Micelio
T-66352(07-05-13)Corte Suprema de Justicia · Sala Tutelas2013

Magistrado ponente: Javier De Jesús Zapata Ortiz

Decreto 1382 de 2000Decreto 2591 de 1991

CORTE SUPREMA DE JUSTICIA República de Colombia Corte Suprema de Justicia Tutela Rad. 66352 Impugnación Faiver Augusto Segura Ochoa República de Colombia Corte Suprema de Justicia Tutela Rad. 66352 Impugnación Faiver Augusto Segura Ochoa CORTE SUPREMA DE JUSTICIA SALA DE CASACIÓN PENAL - SALA DE DECISIÓN DE TUTELAS Magistrado Ponente JAVIER ZAPATA ORTIZ Aprobada Acta No.134 Bogotá. D.C., siete (7) de mayo de dos mil trece (2013) Decide la Sala la impugnación interpuesta por el apoderado de FAIVER AUGUSTO SEGURA OCHOA, contra el fallo proferido el 14 de marzo de este año por la SALA PENAL DEL TRIBUNAL SUPERIOR DE NEIVA, mediante el cual negó el amparo de sus derechos fundamentales, presuntamente vulnerados por la COMISIÓN NACIONAL DEL SERVICIO CIVIL.

ANTECEDENTES Y FUNDAMENTOS DE LA ACCIÓN Así fueron sintetizados por el A Quo: “Adujo el tutelante a través de su representante judicial, haberse inscrito en la convocatoria No. 001 de 2005 de la COMISIÓN NACIONAL DEL SERVICIO CIVIL, con el fin de acceder a una de las vacantes del nivel profesional del HOSPITAL UNIVERSITARIO HERNANDO MONCALEANO PERDOMO de esta ciudad, superando la prueba básica de conocimientos.

Refirió que en la fase II del concurso en cuestión, se inscribió en el grupo “Información de empleos reportados por entidades de servidores públicos habilitados que estuvieron eventualmente cobijados por el acto legislativo 001 de 2005”; sin embargo, el referido hospital no reportó vacantes del nivel profesional, pese a tener empleados en provisionalidad en dicha categoría.

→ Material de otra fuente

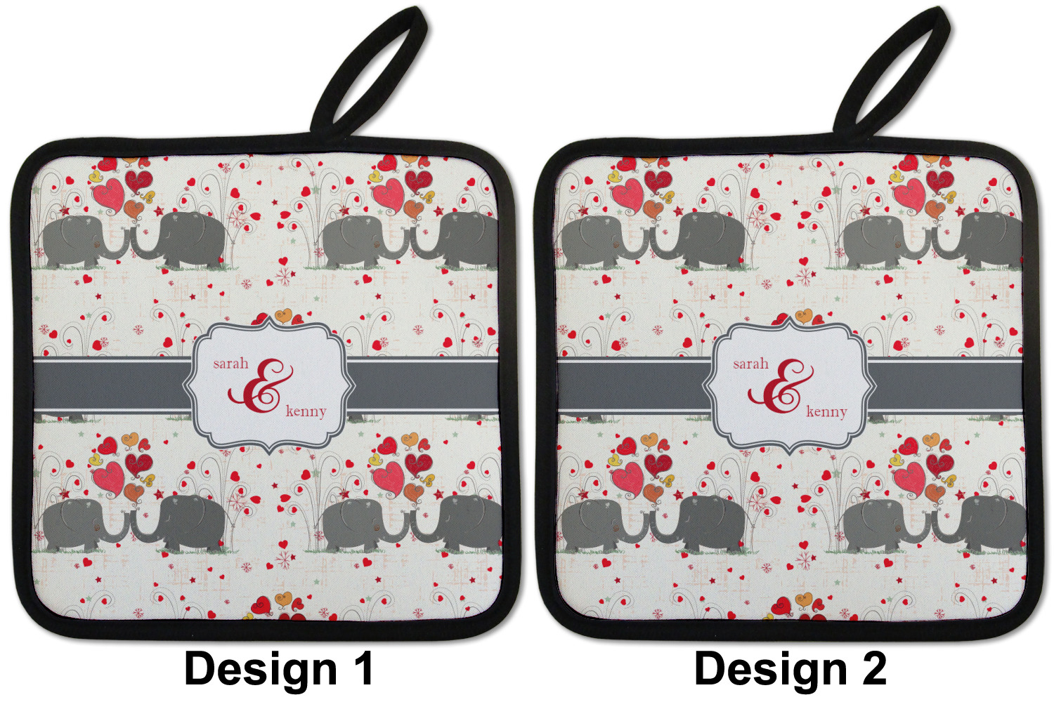 Our personalized pot holders feature a neoprene front that displays your personalization in vibrant colors. The backing of the hot pot holder is rubberized; the textured backing allows you to have a great grip when using this custom pot holder. The two materials are joined with a sleek, black trim, and the holder also includes an attached loop for hanging and storage. The pot holder is approximately 8.75 inches by 8.75 inches and 0.25 inches tall, while the fabric loop is 2.5 inches long. You can purchase a kitchen pot holder by itself or as a set of 2. We also offer a set including one pot holder and one oven mitt.

En razón a lo anterior, el 8 de abril de 2011 solicitó a la CNSC información sobre los cargos reportados por el HOSPITAL UNIVERSITARIO de Neiva, la prueba aplicada para cada uno de ellos, así como la fecha y causa de haberse declarado desiertos; y el 15 de abril siguiente, límite fijado para la selección de empleo en la OPEC, se inscribió en el cargo No. 8820 prueba 59 “para empleos de áreas de desempeño misional de áreas administrativas en salud”, pese a no ser de su completo interés. Dijo que en junio de 2010, al consultar el sistema de ofertas del primer grupo de cargos vacantes, observó que el empleo 10810 estaba asociado a la prueba 211 para “empleos del área de desempeño misional en la Secretaría de Salud”; circunstancia ésta que no es cierta, pues el HOSPITAL UNIVERSITARIO HERNANDO MONCALEANO es una entidad descentralizada del orden departamental y por lo tanto no tiene vínculo con la Secretaría de Salud del Huila.

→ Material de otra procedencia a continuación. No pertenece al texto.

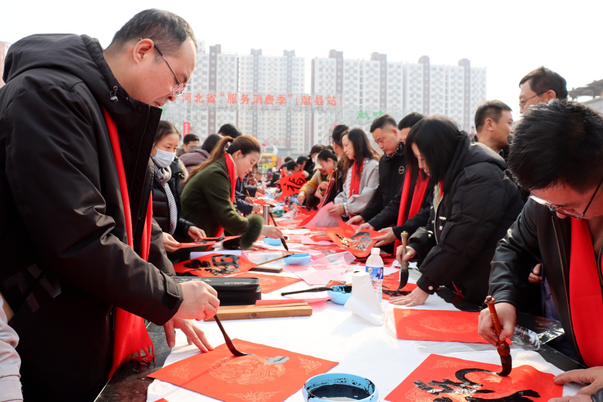 活动开笔后,多位书法名家现场挥毫泼墨、即兴创作,一幅幅寓意吉祥的红纸福字、一幅幅饱含深情的新春春联在笔尖流转而生,笔墨飘香间传递着浓浓的年味与人文温情。名家们还特意书写“四献”“四地”等彰显献县地域特色的主题内容,将地域文化与新春祝福巧妙融合。

Agregó que mediante la resolución No. 2632 del 9 de septiembre de 2010 la CNSC declaró desierta la convocatoria correspondiente al cargo antes referido, al no haberse inscrito persona alguna. Expresó que a través de la resolución No. 2981 del 13 de septiembre de 2012, la CNSC conformó la lista de elegibles para el cargo de Profesional Especializado código 222, grado 24, de la Gobernación de Bolívar, en la cual ocupó el segundo lugar.

Estimó que entre los citados empleos, esto es, el identificado con el código 10810 del HOSPITAL UNIVERSITARIO de Neiva y el No. 8820 de la Gobernación de Bolívar, existe entre otras, identidad de funciones, requisitos, experiencia, denominación y código; razón por la cual resulta viable la utilización del Banco Nacional de Lista de Elegibles para cubrir el cargo declarado desierto, según lo previsto en el acuerdo 159 de 2011.

Hizo notar que previa petición de su parte, de un lado, el 22 de noviembre de dicha anualidad, la CNSC le respondió que en caso de contar con el primer derecho de elegibilidad para el cargo en cuestión, tal situación le sería oportunamente comunicada; y de otro, el 6 de diciembre de 2012 el HOSPITAL UNIVERSITARIO HERNANDO MONCALEANO PERDOMO le informó haber solicitado a la CNSC autorización para hacer uso de la lista de elegibles del Banco Nacional de Elegibles.

Manifestó que tras peticionar ser tenido en cuenta su nombre en la conformación de la lista de elegibles para proveer el cargo 10810, el pasado 24 de diciembre la CNSC negó tal solicitud aduciendo no existir identidad de funciones, grado y prueba con el empleo 8820, al cual había aspirado inicialmente. Consideró que al tenor del numeral 7º del artículo 3º del acuerdo 159 de 2011, la coincidencia de la prueba de conocimientos asociada a cada empleo, no es una exigencia para habilitar la utilización de otra lista de elegibles a fin de ocupar un cargo declarado desierto.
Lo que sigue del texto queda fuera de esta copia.